### [Problem]
What you return should match the material below line for line, except that no image appears in it.

### [Data segment]
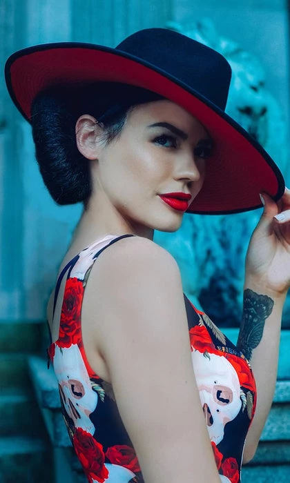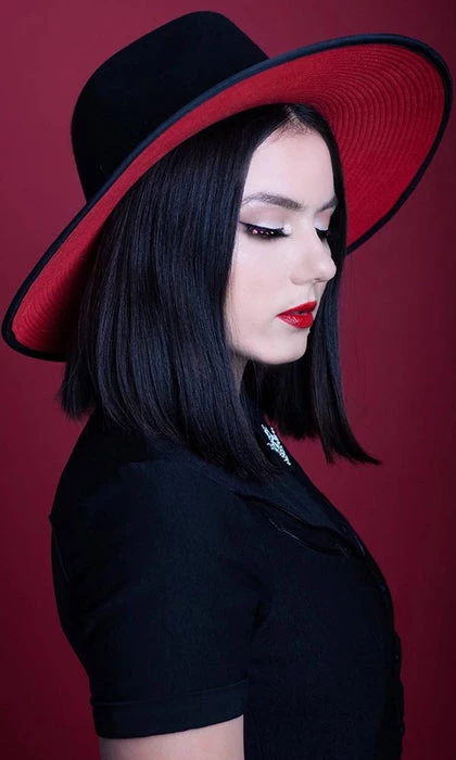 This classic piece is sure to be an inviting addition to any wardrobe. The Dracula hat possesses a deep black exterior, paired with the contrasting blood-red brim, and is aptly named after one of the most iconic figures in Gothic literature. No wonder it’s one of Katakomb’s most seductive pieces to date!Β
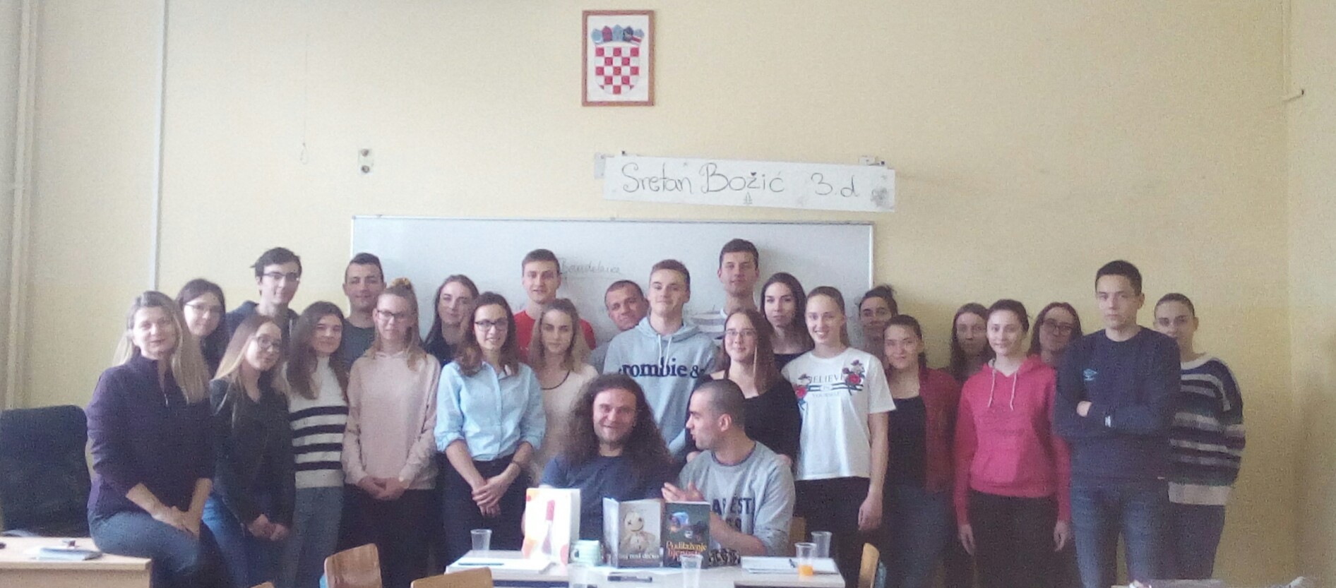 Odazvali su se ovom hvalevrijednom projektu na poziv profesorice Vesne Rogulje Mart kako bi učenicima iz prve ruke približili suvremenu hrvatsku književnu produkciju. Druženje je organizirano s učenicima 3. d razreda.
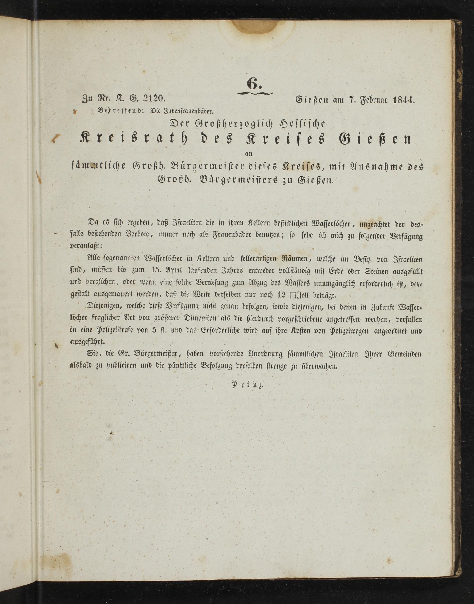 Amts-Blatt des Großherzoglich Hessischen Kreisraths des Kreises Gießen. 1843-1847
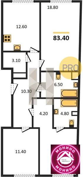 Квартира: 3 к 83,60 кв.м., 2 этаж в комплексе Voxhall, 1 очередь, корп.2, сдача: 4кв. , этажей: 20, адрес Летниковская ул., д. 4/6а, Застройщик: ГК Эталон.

### [Solution]
 This classic piece is sure to be an inviting addition to any wardrobe. The Dracula hat possesses a deep black exterior, paired with the contrasting blood-red brim, and is aptly named after one of the most iconic figures in Gothic literature. No wonder it’s one of Katakomb’s most seductive pieces to date!Β
 Odazvali su se ovom hvalevrijednom projektu na poziv profesorice Vesne Rogulje Mart kako bi učenicima iz prve ruke približili suvremenu hrvatsku književnu produkciju. Druženje je organizirano s učenicima 3. d razreda.
 Amts-Blatt des Großherzoglich Hessischen Kreisraths des Kreises Gießen. 1843-1847
 Квартира: 3 к 83,60 кв.м., 2 этаж в комплексе Voxhall, 1 очередь, корп.2, сдача: 4кв. , этажей: 20, адрес Летниковская ул., д. 4/6а, Застройщик: ГК Эталон.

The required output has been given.